Chuck Sambuchino, 2012 Guide to Literary Agents (Writers Digest Books, 2011) — Book Review

© 2012 Peter Free


22 March 2012


Arguably better than nothing, but lacks accuracy and consistent organization


The agent list in this volume is inaccurately researched, poorly arranged, and carelessly edited.  A few minutes on the web demonstrates how misleading its entries are.


The book is, therefore, arguably a good example of how some writers prey on other writers’ need for guidance in order to profit, without delivering anything of reliable substance.


On a more positive note, inaccurate though the volume is, its agent list gives authors a place to start.


On the negative side, after very carefully winnowing the entire volume down to 30 agents that might be interested in my novel, only 7 turned out to be even remote possibilities after I had visited their websites.


In other words, 77 percent of the book’s listed information (regarding my initial list of 30 agents) was either blatantly wrong or very significantly misdirected.



Specifically, two main criticisms


The book’s two most annoying shortcomings are:


(1) Gross inaccuracies


(2) Inconsistent organization



Annoying Problem One — gross inaccuracies


Data regarding the listed agents’ genre interests often do not accurately reflect what the agents’ websites express.


In my case — having written a novel in what could loosely be seen as belonging to the action, adventure, detective, police, mystery and thriller genre — I noticed that a surprising number of apparently unisex genre blurbs after another in Sambuchino’s volume were contradicted by the explicitly-stated women’s orientation on the affected agent’s websites.  There is (very obviously) a big difference between men’s action, adventure, detective, and police writing and women’s.  Mr. Sambuchino should have made that distinction.  He did not.


In his defense, Sambuchino might claim that he was dependent upon whatever materials each agent sent him.  But a properly done compilation would have required him to check each entry for accuracy by doing a little Internet browsing.


Mr.
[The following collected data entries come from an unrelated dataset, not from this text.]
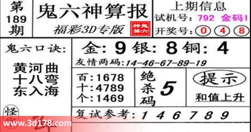 3d第18189期鬼六神算报为您推荐鬼六口诀:
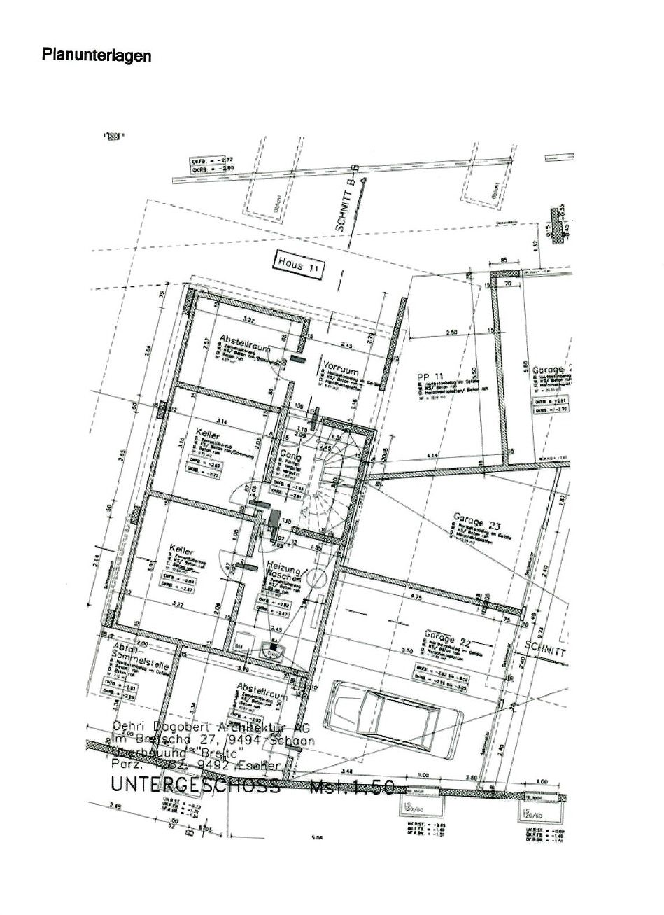 Im Untergeschoss befindet sich ein zweiter Eingang von der Tiefgarage und Einstellplatz. Insgesamt besteht eine Parkmöglichkeit für drei Autos. Der Eingangsbereich ist mit einer Garderobe ausgestattet. Ein Bewirtschaftungsraum mit Waschmaschine und Trockner und zusätzlich drei Kellerabteile mit insgesamt mit ca. 50 m².
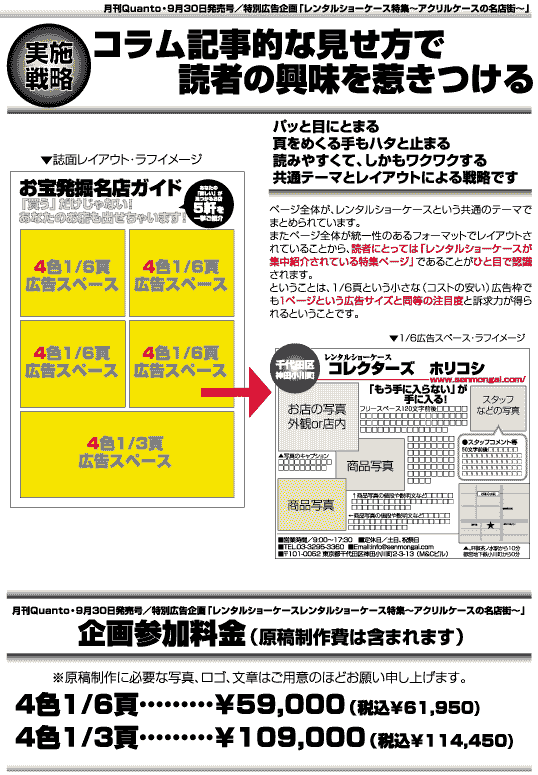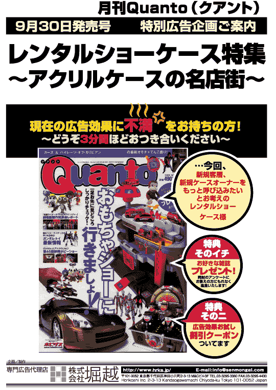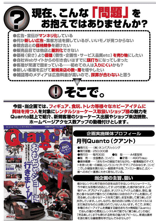 こんにちは!ホビー課の藤原です。 皆さん、「レンタルショーケース」をご存知ですか? …って訊くと「知らない」と仰る方がまだそこそこいらっしゃるんですよねぇ…。 誰でもお店を持つ事が出来たり、レアなブツを手に入れる事も出来るという点こそがレンタルショーケース様だけの大きな魅力! そこで、その独特の魅力を皆さんに知って頂きたくて、今回「Quanto」で企画を立てました! レンタルショーケースで見られるアイテムを広く取り扱う「Quanto」はおもちゃ箱のように魅力的なお店を紹介する媒体としてまさに効果的です!

Sambuchino might also claim that his listed agents changed their websites while his book was in press.  Statistically speaking, maybe some did.  But it is improbable that the entire 77 percent that affected me had.  An established agent does not suddenly take off in entirely new directions on a whim.


In partial illustration of these inaccuracies, Sambuchino’s book states that the Daniel Literary Group:


Considers these fiction areas:

action, adventure, contemporary issues, crime, detective, family saga, historical, humor, inspirational, literary, mainstream, mystery, police, religious, satire, suspense, thriller.
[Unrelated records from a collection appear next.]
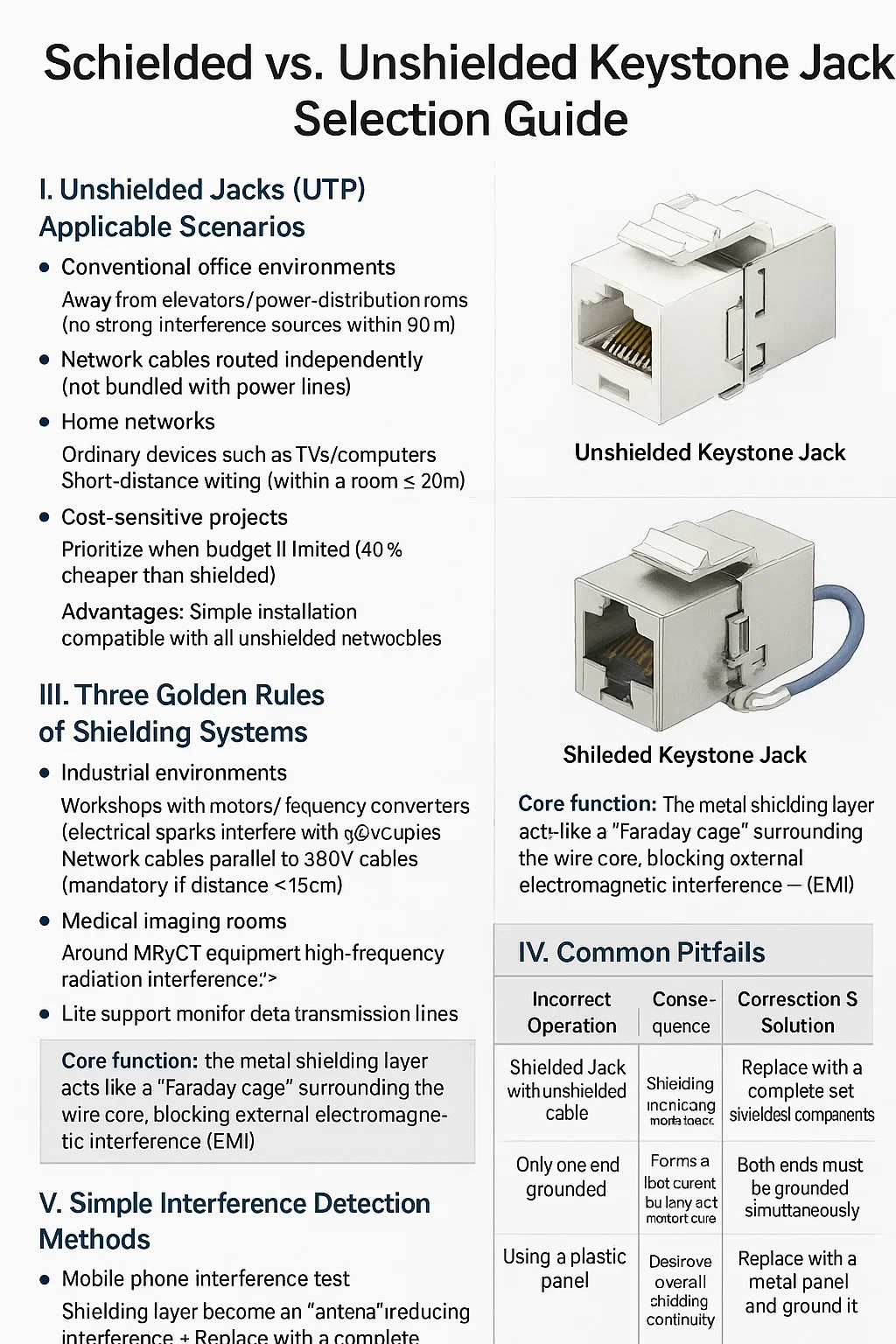 Tất cả các đầu nối RJ45 của cáp mạng Keystone Jack RJ45 phải được che chắn (hư hỏng bất kỳ thành phần nào sẽ khiến hệ thống không hoạt động hiệu quả)
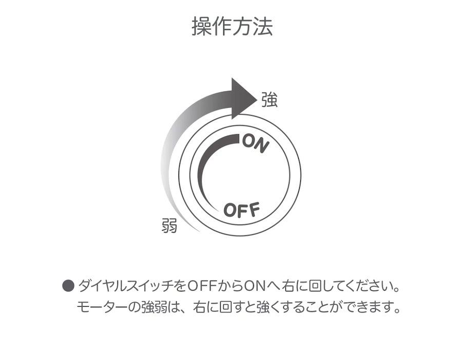 振動パターンは1種類のみで、ダイヤルスイッチを回して強弱を変動させます。
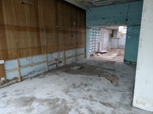 Jimmy recalled the upper side of his shop was originally a house, the doorway has always been in the middle and opened into a front porch with the shop door to the left, and straight ahead were steps that led down into the house.
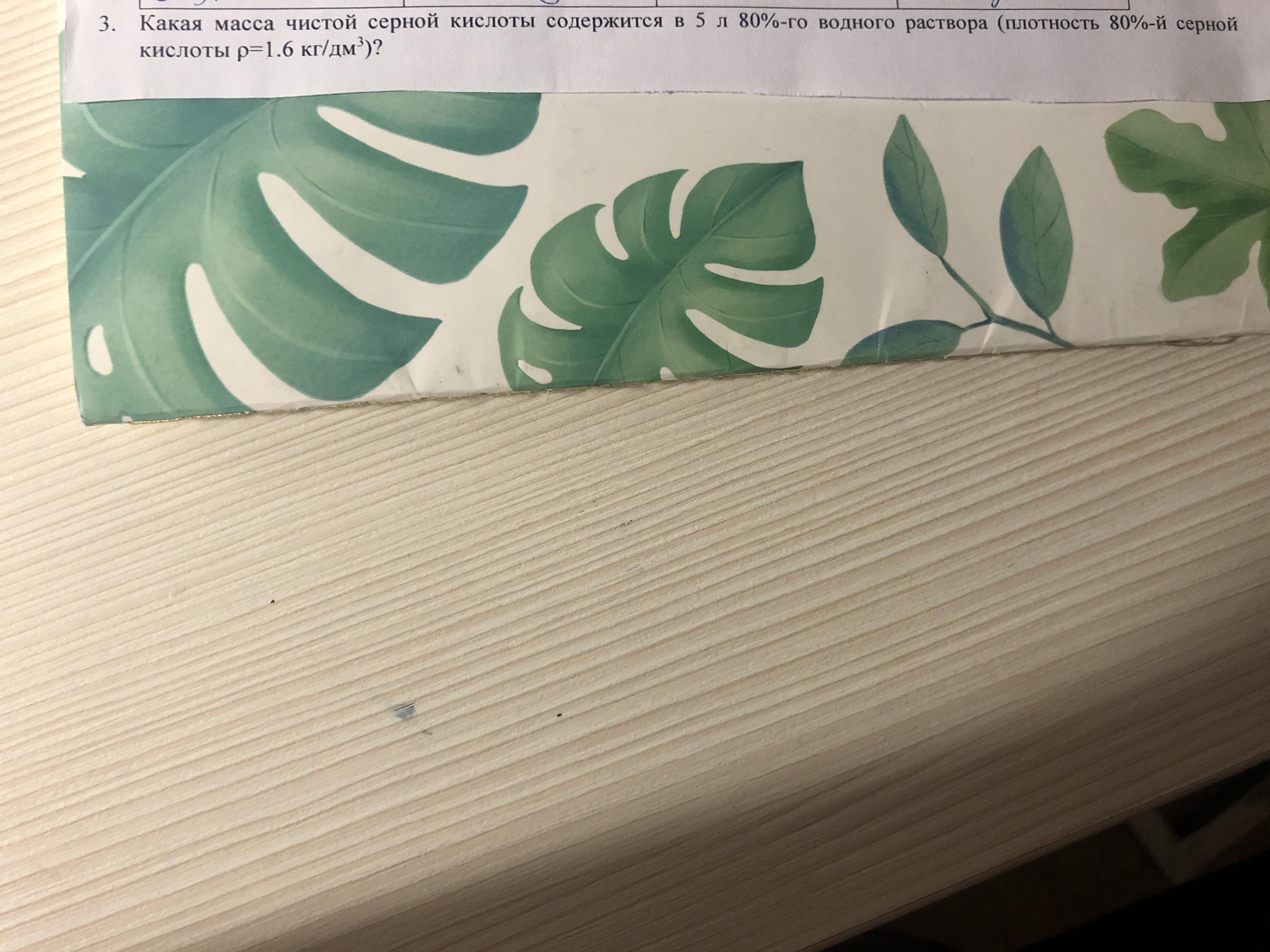 Какая масса чистой серной кислоты содержится в 5л 80%-го водного раствора( плотность 80%-ой серной кислоты ρ= 1,6кг/дм^3)
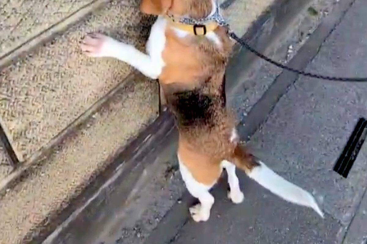 散歩中、壁の向こうに『犬がいる』ことに気付いたビーグル犬

© 2011 Chuck Sambuchino, 2012 Guide to Literary Agents (Writers Digest Books, 2011) (at page 162) (paragraph reformatted)


But if you visit , Greg Daniel himself says:


Daniel Literary Group is a literary agency representing quality nonfiction books for adults.

Our authors are recognized and published across a variety of categories including narrative nonfiction, religion/spirituality, business, pop culture, practical advice, social issues, and biography/memoir.


© 2012 Greg Daniel, Home Page, Daniel Literary Group (visited 21 March 2012)


Parallel ineptitude occurred with Sambuchino’s entry for the D4EO Literary Agency.  D4EO’s agents turned out not to represent anything close to what Sambuchino says they do.


And Mr. Sambuchino’s entry for the Hidden Value Group did not even mention its self-trumpeted Christian focus.  Which obviously has a definitive bearing on what authors would submit to them.


The book’s similarly blatant errors go on and on.



Annoying Problem Two — inconsistent formatting


The 2012 Guide to Literary Agents generally adopts a helpful way of delineating fiction and non-fiction lists of agent interests by category.  Each is introduced by a bold-fonted, “Considers these nonfiction areas” and “Considers these fiction areas.”  However, Sambuchino is inconsistent in applying this formatting.


Hypothesizing as to what accounted for the discrepancies, I suspect that the author allowed some agents to submit long and often irrelevant statements that addressed neither focus.  But, had he been minimally motivated, he would have massaged these submissions into the more helpful “nonfiction” versus “fiction” bifurcation.  Apparently, his authorial/editorial eminence could not be bothered with even that comparatively simple task.



Reluctantly recommended — but only if you hold your nose


I detest sloppy work.  I particularly abhor avariciously incompetent work.  Mr. Sambuchino’s book qualifies as both.


Buy his 2012 Guide to Literary Agents only if you have no alternative.  And be prepared to deal with the feeling that you’ve been scammed.